Fig. 1 illustrates the mechanical construction of a wireless limit switch. As shown in Fig. 1, a limit switch 11 comprises an actuator 12 for sensing an external force, an internal switch 13 which switches in operative association with motion of the actuator, an oscillatory output portion 14 for modulating the output signal of the internal switch 13 and wirelessly outputting this modulated signal to a switch control unit at a remote location remote from the internal switch 13, and a box-shaped switch case 15 for holding these elements.
The actuator 12 has a distal end portion projecting outwardly from the switch case 15 and provided with a roller 12a situated at a position at which it is capable of sensing the external force of an apparatus, and a base portion secured to a rotary shaft 16 projecting from one side face of the switch case 15.
The end of the rotary shaft 16 inside the switch case 15 is formed into a flat, plate-shaped configuration having an upper flat surface 16a opposing a return spring 18 supported on a vertically movable spring support cylinder 17, and a lower flat surface 16b opposing a plunger 20 via a downwardly movable member 19. In the ordinary unloaded state, the actuator 12 is in a standby mode in which it is capable of sensing an external force. When the actuator 12 senses an external force and therefore is loaded to assume an inclined state, the rotary shaft 16 turns in one direction against the force of the spring. Owing to the turning action of the rotary shaft 16, the plunger 20 is reciprocated via the downwardly movable member 19 so that a plunger projection 20a depresses a push button 13a of the internal switch 13 in operative association with the reciprocating motion of the plunger 20, thereby turning the switch 13 ON and OFF.

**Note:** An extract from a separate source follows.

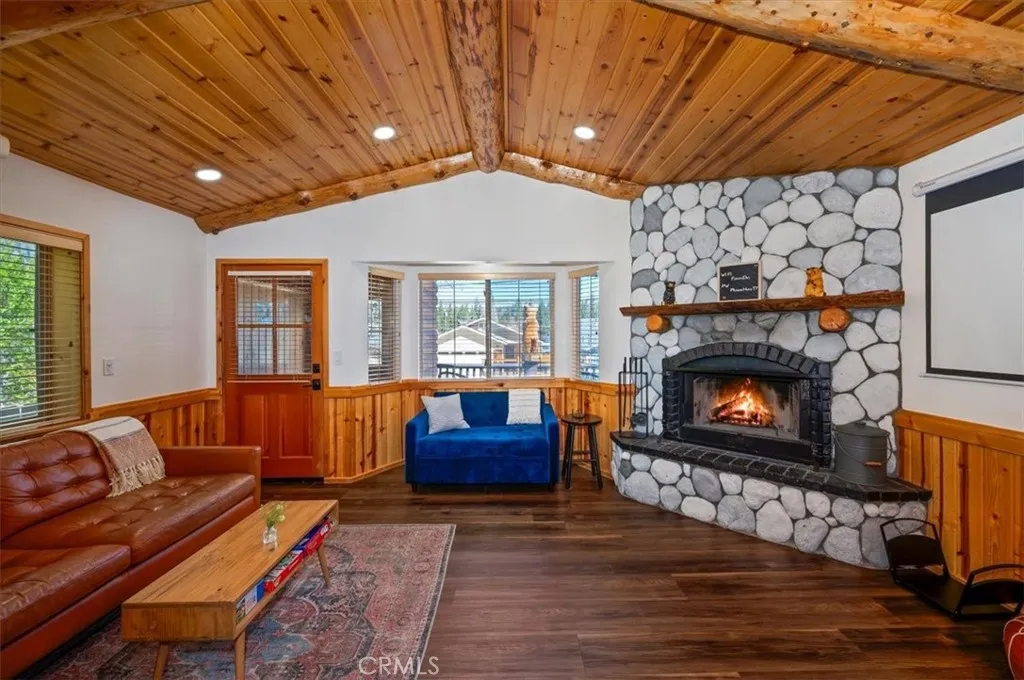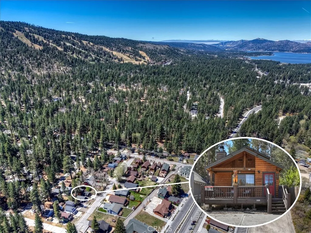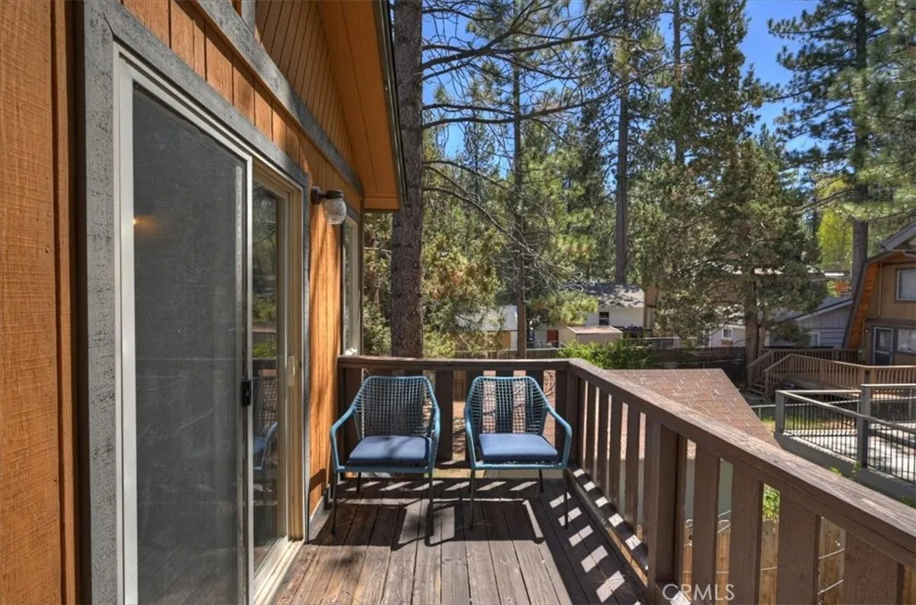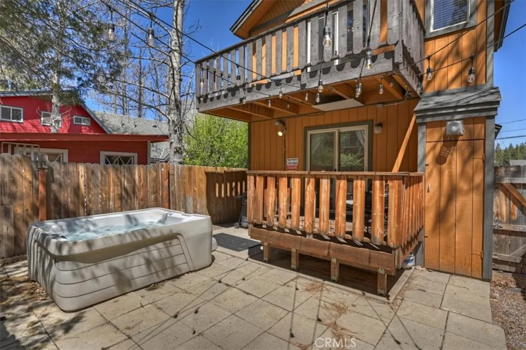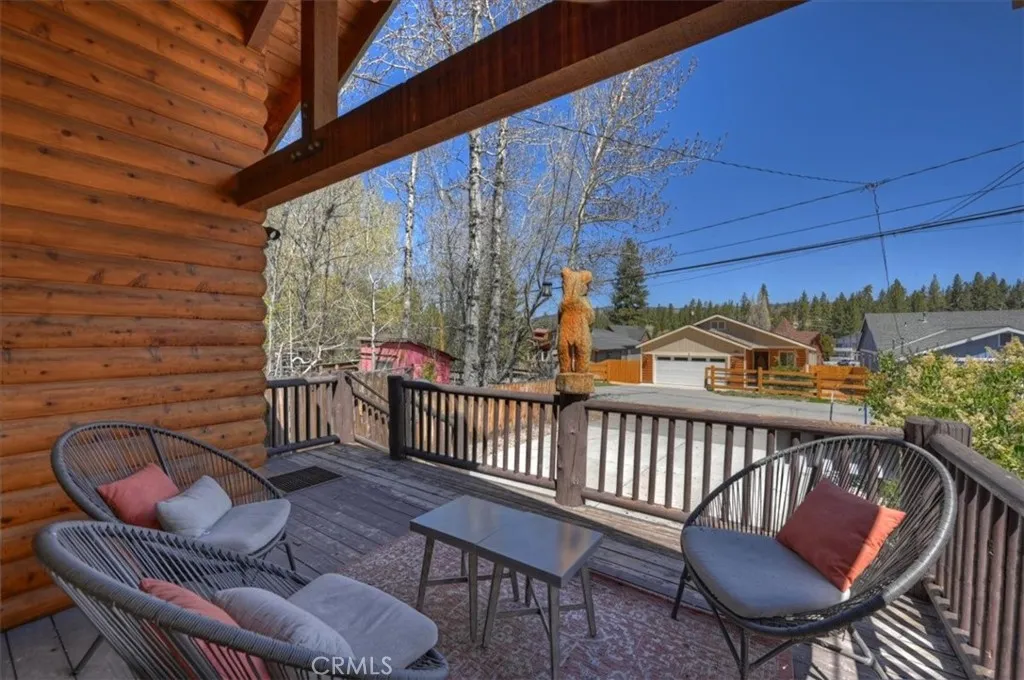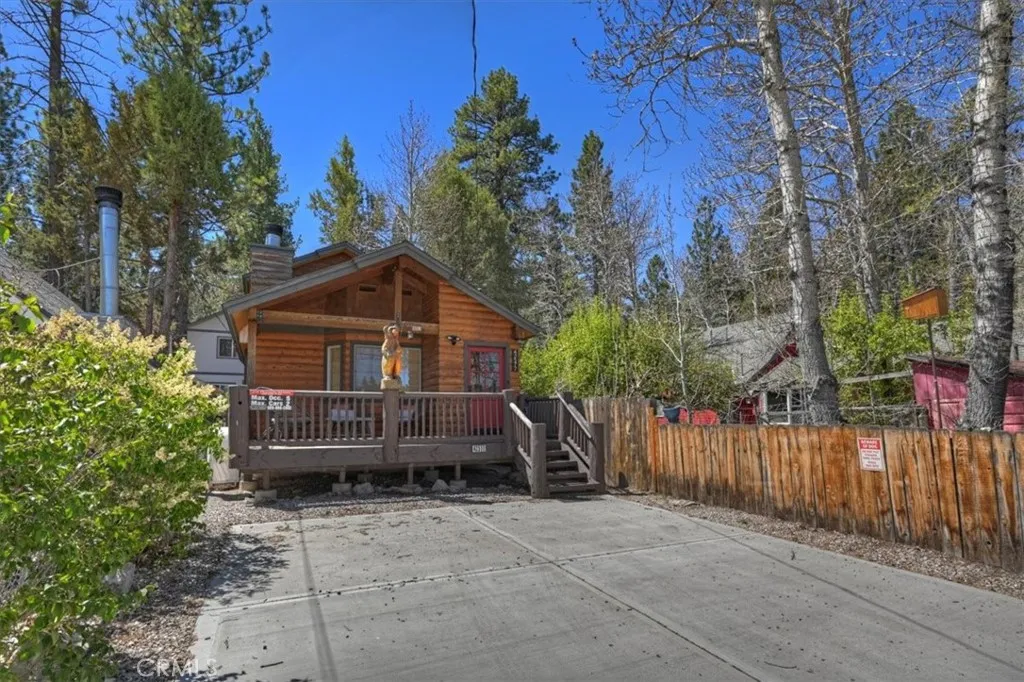 Welcome to your perfect Big Bear getaway, located between both ski areas- where convenience meets mountain charm. With easy year-round access, this beautifully renovated two-story log-style home offers 1,060 sq ft of thoughtfully designed living space, ideal as a full-time residence, vacation retreat, or proven income property. Step inside to an inviting open floor plan featuring warm knotty pine walls and ceilings, wood-like laminate flooring, and a stunning rock fireplace that anchors the living room. Enjoy movie nights with the built-in projection TV, creating a true cabin experience with modern comfort. The updated kitchen is both stylish and functional, showcasing quartz countertops, stainless steel appliances, including a gas range, microwave hood, dishwasher, fridge, and sink, and a convenient breakfast bar for casual dining. With two spacious bedrooms and two bathrooms, one on each level, this home offers flexibility and privacy. The upstairs en suite bedroom features its own balcony, perfect for morning coffee or evening stargazing. Bathrooms are upgraded with tile flooring and marble finishes, complemented by custom fixtures throughout. Additional highlights include minisplit air conditioning, Nest-controlled central heating, and laundry hook-ups for added convenience. Outside, enjoy a well-deserved soak in your private spa after a day on the slopes or a day on the Lake. A fully fenced rear yard offers quiet relaxation as you dine on the deck. This location truly shines, just a short walk to Moonridge favorites like Dank Doughnuts, Moonridge Coffee House, the Alpine Zoo, and the ski shuttle, plus it's only about a half mile to Bear Mountain Ski & Golf Course and Snow Summit Ski Area. Currently a five-star rated Airbnb, this property offers both lifestyle and affordable investment appeal in one of Big Bear’s most sought-after neighborhoods. Furnishings are negotiable
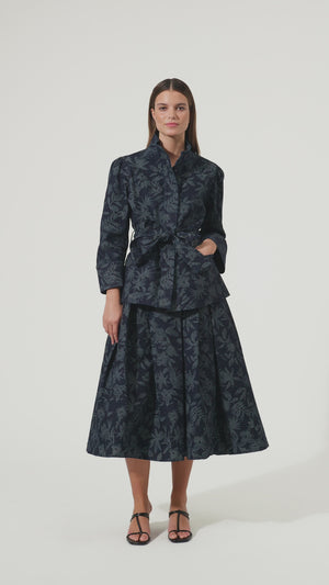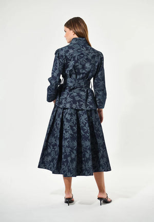 • Multi stitching adds an extra element of detail a it runs around the collar, cuff, placket and tie belt of this elegant flroal printed denim jacket. Slim fitting. It has 7/8 sleeves endingind deep cuffs gathering at the shoulder and welt pockets.

The output signal produced by the internal switch 13 is introduced, via a conductive coil spring 21, to an oscillatory output portion 14 mounted on a printed circuit board 22 and composed of an oscillator circuit, a modulator circuit and the like. The switch output signal is modulated by the oscillatory output portion 14, and the resulting modulated signal is transmitted wirelessly via a coil-shaped antenna 23.
The printed circuit board 22 and the antenna 23 are fitted integrally on the inner surface of a switch cover 24. The latter has the shape of a flat plate and is detachably mounted on a case opening 15a formed in one side face of the switch case 15. The coil-shaped antenna 23 is attached to the central portion of the cover 24 via an antenna support column 24a, and the output signal of the oscillatory output portion 14 is introduced to the antenna 23 via a connecting cord 25.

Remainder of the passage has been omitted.